Esto es su apartamento en una unidad residencial en San Javier, en la comuna 13.
Jairo cuenta que se lo dieron amoblado con los principales enseres. Tiene pieza matrimonial y un cuarto para cada hijo. También cocina integral y con acabados en cerámica. Es pequeño, de unos cincuenta o sesenta metros, ¡claro!, pero suficiente para acomodarse, dignificar una vida que ha sido de luchas y esfuerzos, y arrumar allí todo el amor que brota de él y que emanan Lina, Sharai y Jairito Emel.

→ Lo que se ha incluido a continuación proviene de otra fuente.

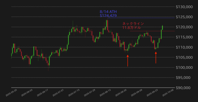 チャートの側面では、ドル建てのBTC相場はダブルボトムのネックラインとなる11万8000ドルの上抜けに成功しており、上昇トレンド突入が示唆されており、史上最高値(ATH)の12万4429ドルがターゲットとなりそうだ(第2図)。

-En la calle, antes de ser conocido, me perseguían mucho de Espacio Público. Yo le conté que un día me quitaron la mercancía y me llevaron a una estación, un policía que me la tenía montada, y el jefe del comando le dijo que si no le daba pena llevarme a mí allá por andar rebuscándome la vida, y desde ese día me dejaron trabajar tranquilo-, recuerda Jairo, abrazado a Sharai y su hijo tocayo y a la inmensa Lina Margarita, con el cuadro del Corazón de Jesús al fondo, colgado en la pared y la infinita ternura de su rostro cuando los pequeños, que son su vida, le chantan besos.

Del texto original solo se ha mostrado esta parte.